На нашем сайте KnigaRead.com Вы можете абсолютно бесплатно читать книгу онлайн Игорь Галеев, "Калуга первая (Книга-спектр)" бесплатно, без регистрации.
Перейти на страницу:

Светлана Петровна благодушно расхлесталась на кровати, помятая да потисканная, испытывая блаженство после счастливо пролитых слез, когда муж вдруг заорал из кабинета: "Черт бы тебя подрал!" И она, как была, так и побежала. Держал он в руках пустую папку и листочек. "Кто заходил в кабинет? Говори, кого заводила сюда?" "Как можно, Леня! Никто, Леня! Я же знаю, что ты этого не выносишь." "Ах, выкрал, шельмец! - то ли радостно, то ли отчаянно вскричал. - Ну уголовник, Кузя!" И отдал Светлане Петровне листок. Она прочитала:

"Извини, дедушка, я приду, чтобы тебя утешить, гораздо позже. Потерпи еще, милый дедуся, твой Кузя."

Но что интересно: с той поры стало полегче Леониду Павловичу, отошло от сердца это неясное ожидание чего-то, и не казалось уже, что бродят по России в таком невероятном количестве эти потрепанные кустари с рукописями. Но ведь до чего бандит! И не откажешь в смелости и трезвой оценке - понял, что слаба вещица и забрал. Молодец, Кузя!

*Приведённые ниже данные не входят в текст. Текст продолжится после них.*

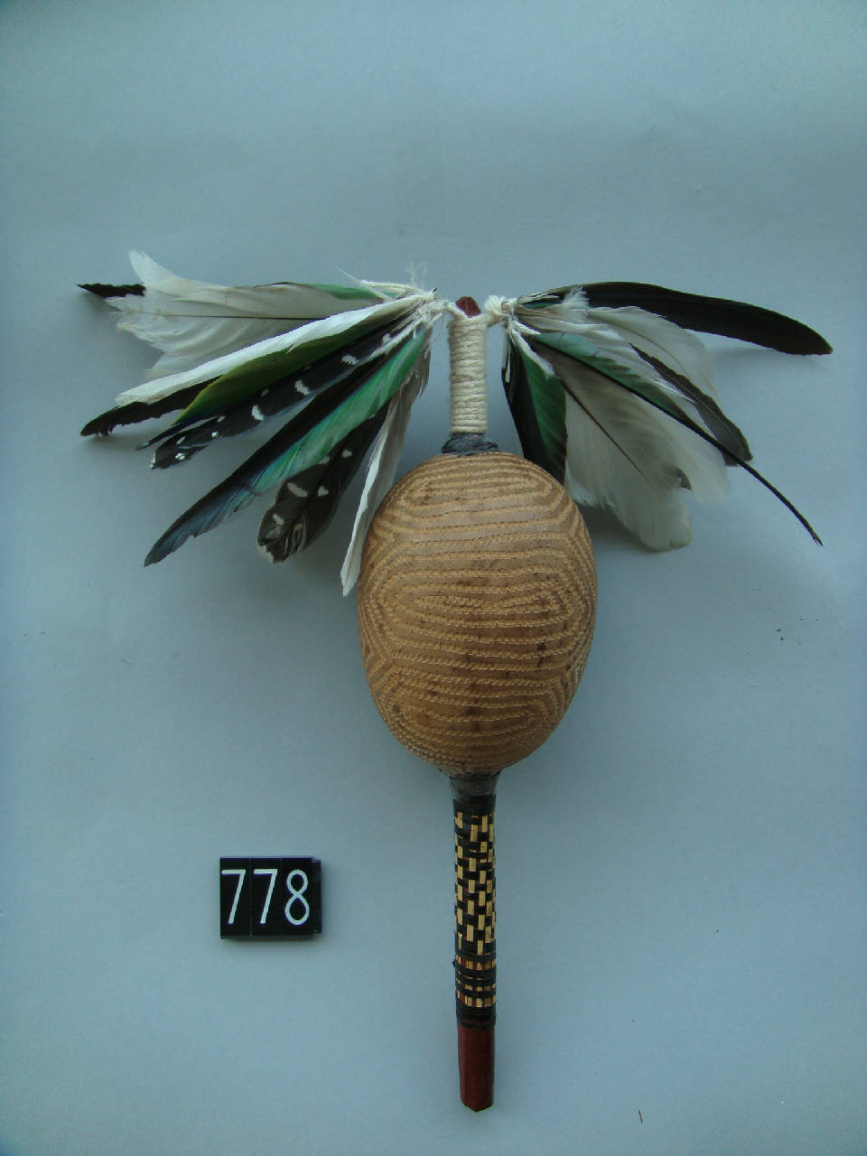 Sonaglio di zucca (lagenaria vulgaris) con manico di legno avvolto in fibra vegetale bicolore il cui intreccio crea un motivo a scacchiera dalla parte dell'impugnatura, mentre l'altra estremità è avvolta con filo di cotone, al quale sono legati due gruppi di 10 penne ciascuno. Le penne sono bianche, marroni e verdi. La zucca é incisa specularmente sui due lati con tre motivi sovrapposti concentrici con stretto rettangolo centrale che nell'ultimo giro richiama un esagono, creando lateralmente spazi riempiti da incisioni che si inseriscono a cuneo triangolari e concentriche.
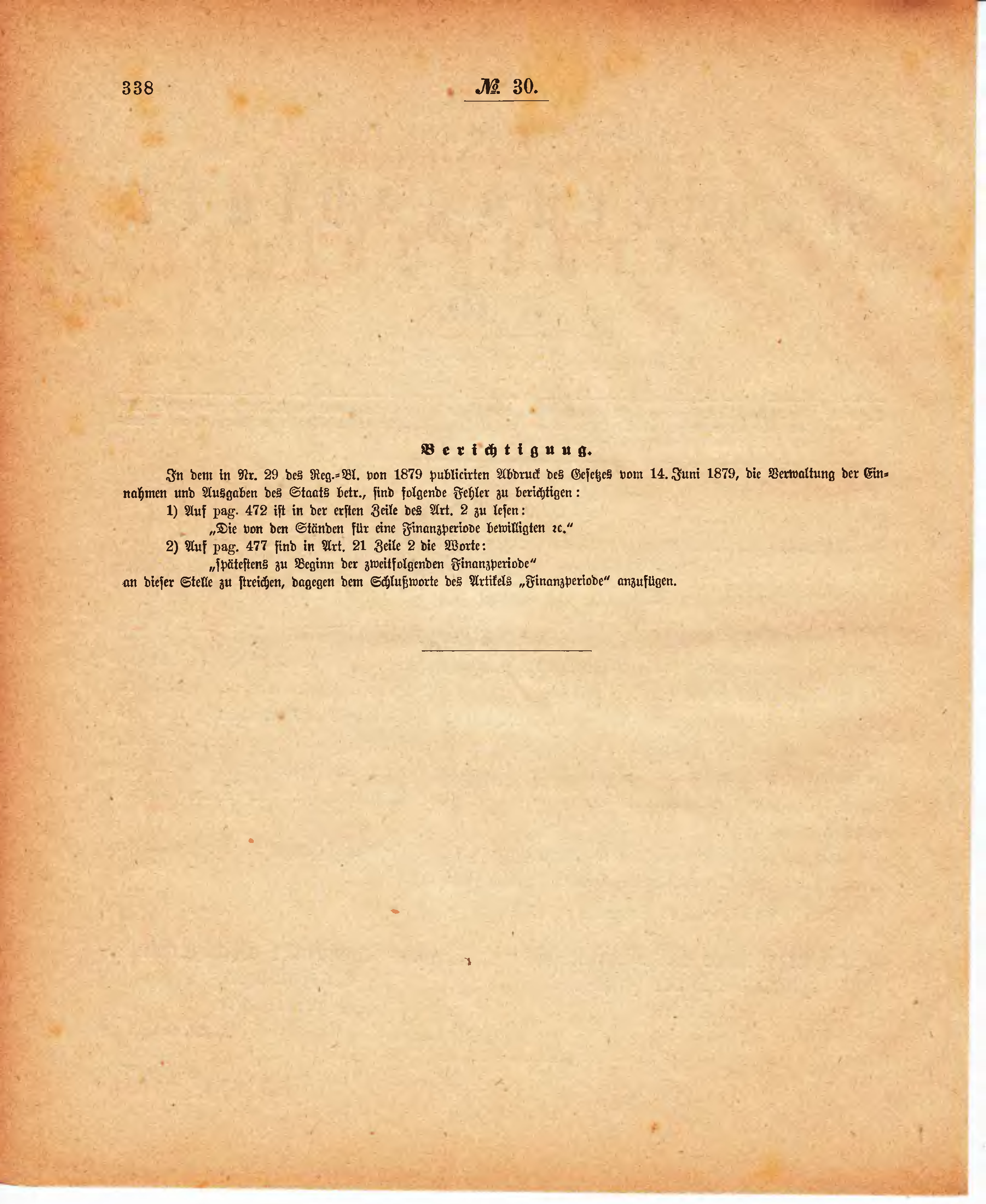 | In dem in Nr. 29 des Reg.-BI. von 1879 publicirten Abdruck des Gesetzes vom 14. Juni 1879, die Verwaltung der Einnahmen und Ausgaben des Staats betr., sind folgende Fehler zu berichtigen: | ||

И хорошо бы работалось, если бы не эти срочные телеграммы, не хрупкость человеческих тел.

...И вот теперь Леонид Павлович шагал по ступенькам, приближаясь к дверям несчастья, вновь купаясь в море тоски, плывя на спине не зная куда, с мольбой взирая в зеркальное небо.

* * *

Это случилось поздней ночью, и об этом никто так и не узнал. Кузьма лежал и смотрел на мертвую стену перед собой. И нет слов, способных объяснить его состояние. Наверное, это прорвался сдерживаемый так долго и так жестко гигантский инстинкт привязанности к жизни. Кузьма Бенедиктович корчился и говорил еле слышно в мертвую стену. Слова ударялись о шершавую штукатурку и осыпались на пол в неподвижную пыльную кучку. Кузьма остался один. У него умер сын. А он лежал и вспоминал, как сотни раз готовился к подобным крушениям, как давно уже убедил себя, что должен пройти до конца, в кого бы ни попадала стрела случая. Но сегодня он не мог. Его тело, внешне безвольное, ломалось и корежилось изнутри. Он говорил: "Какой кошмар!" Но восклицание звучало фальшиво, и он как всегда осознавал, что и теперь его внешняя суть играет роль, как она играла её и тогда, возможно в ещё более ужасные часы, когда он постиг, что его творчество, весь его опыт и его выводы никому не нужны, кроме предыдущего и следующего его самого. Но тогда он нашел спасение, и знал, что и сегодня найдет. "Не в том суть, что Раджа нет. Это все инстинкт, обман, все по-другому." А слова ударялись о холодную стену и ссыпались вниз, как песок. Посадите в таком состоянии Бенедиктыча в тюрьму и он там повесится. Он разорвет рубаху на лоскутки, сложит их втрое, свяжет, приспособится к спинке кровати и победит свое усталое тело и измученные глаза.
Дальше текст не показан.